Abbreviations: DBP: Diastolic Blood Pressure, SBP: Systolic Blood Pressure; Continuous variables are presented as mean ± standard error of the mean (SEM) and categorical as frequencies (percentages); p values were derived by comparisons between the three categories of BMI using one-way ANOVA; Pearson’s χ2 for categorical variables; Statistically significant associations are shown in bold.

2.2. Methods

All participants were admitted to the Endocrine Unit early in the morning on the day of the study, and a detailed medical history and clinical examination, including pubertal assessment and standard anthropometric measurements (weight, height, waist circumference, hip circumference) were obtained by a single trained observer. Body weight was measured in light clothing and without shoes using the same scale for all subjects (Seca GmbH & Co. KG., Hamburg, Germany). Standing height was also measured without shoes using a stadiometer (Holtain Limited, Crymych-Dyfed, UK). Waist and hip circumferences were measured according to WHO STEPS protocol using the same stretch-resistant tape (Seca GmbH & Co. KG., Hamburg, Germany) with the subject on standing position. More specifically, waist circumference was measured in the horizontal plane midway between the lowest rib and the iliac crest at the end of a normal expiration. Hip circumference was measured in the horizontal plane at the level of maximum circumference of hips and buttocks. On both occasions, the tape did not compress the skin and was parallel to the floor.

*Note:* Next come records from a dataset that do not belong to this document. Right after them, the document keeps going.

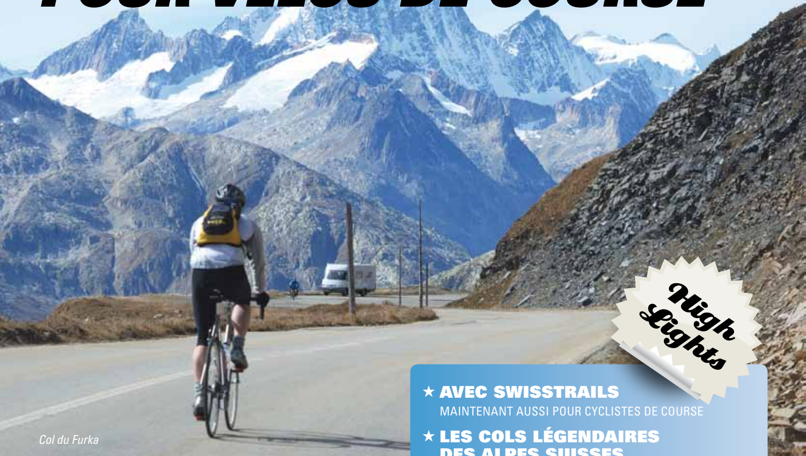
Col du Furka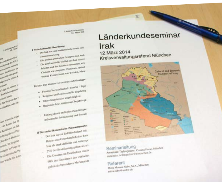
Informationsveranstaltung für Mitarbeiterinnen und Mitarbeiter von Ausländerbehörden

In fünf Landkreisen fanden Informationsveranstaltungen für die zuständigen Landratsämter, Migrationssozialdienste und Ehrenamtlichen-Initiativen statt.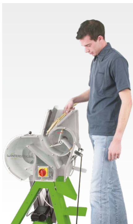
Подача колосков в молотилку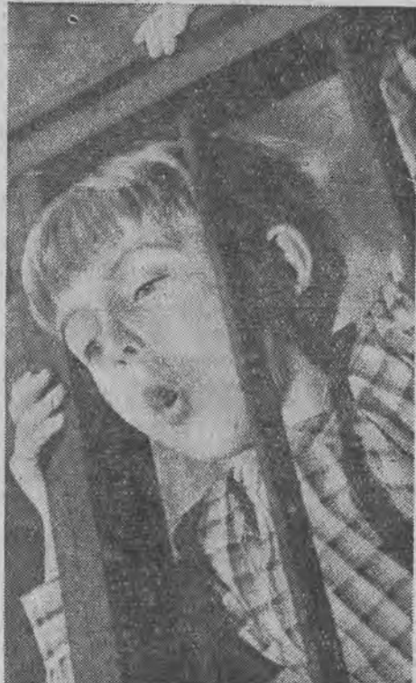
A tu widzimy jej francuskiego kolegę, Alain Michela w „tajemnicy poliszynela”.

Najsłynniejsza gwiazda filmu amerykańskiego, najbardziej „dochodowa” z gwiazd, Shirley Temple.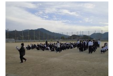
地震対応避難訓練で運動場に集合した生徒たち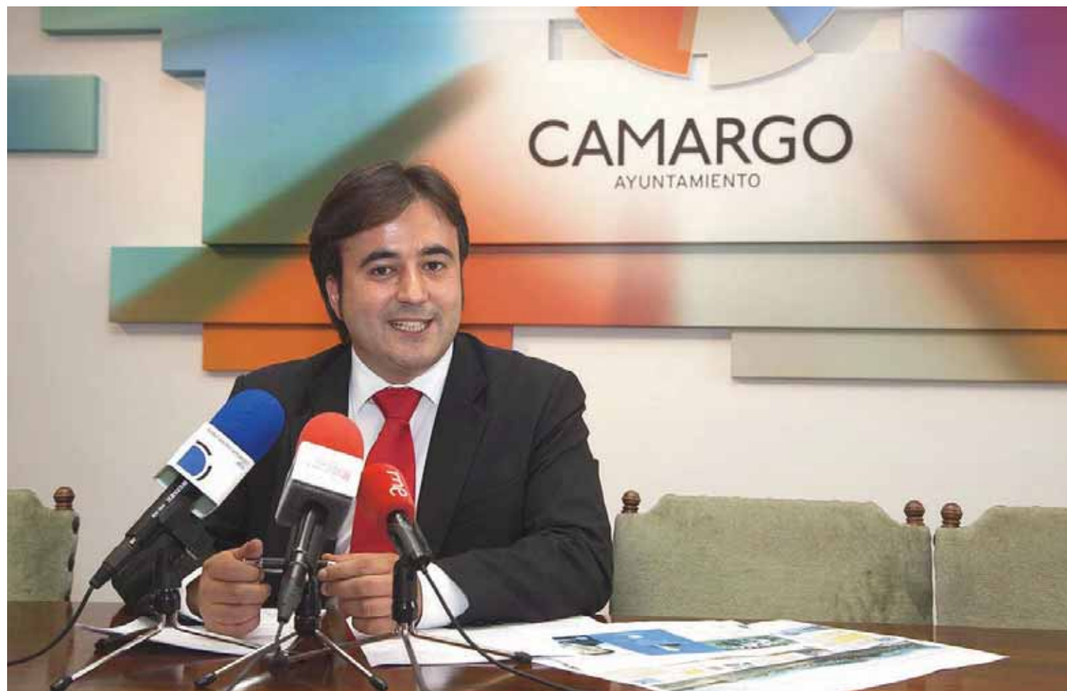
Diego Movellán, ex alcalde de Camargo y número tres de la lista del Partido Popular al Congreso de los Diputados por Cantabria.

Blood pressure was determined by a sphygmomanometer (Comfort 20/40, Visomat, Parapharm, Metamorphosi, Attiki, Greece) and with an appropriate cuff according to the age of the subject [14].

A blood sample for baseline hematological, biochemical and endocrinologic investigations was drawn at 8:00 h following a 12-h fast. Samples were centrifuged and separated immediately after collection and were stored at −80 °C until assayed.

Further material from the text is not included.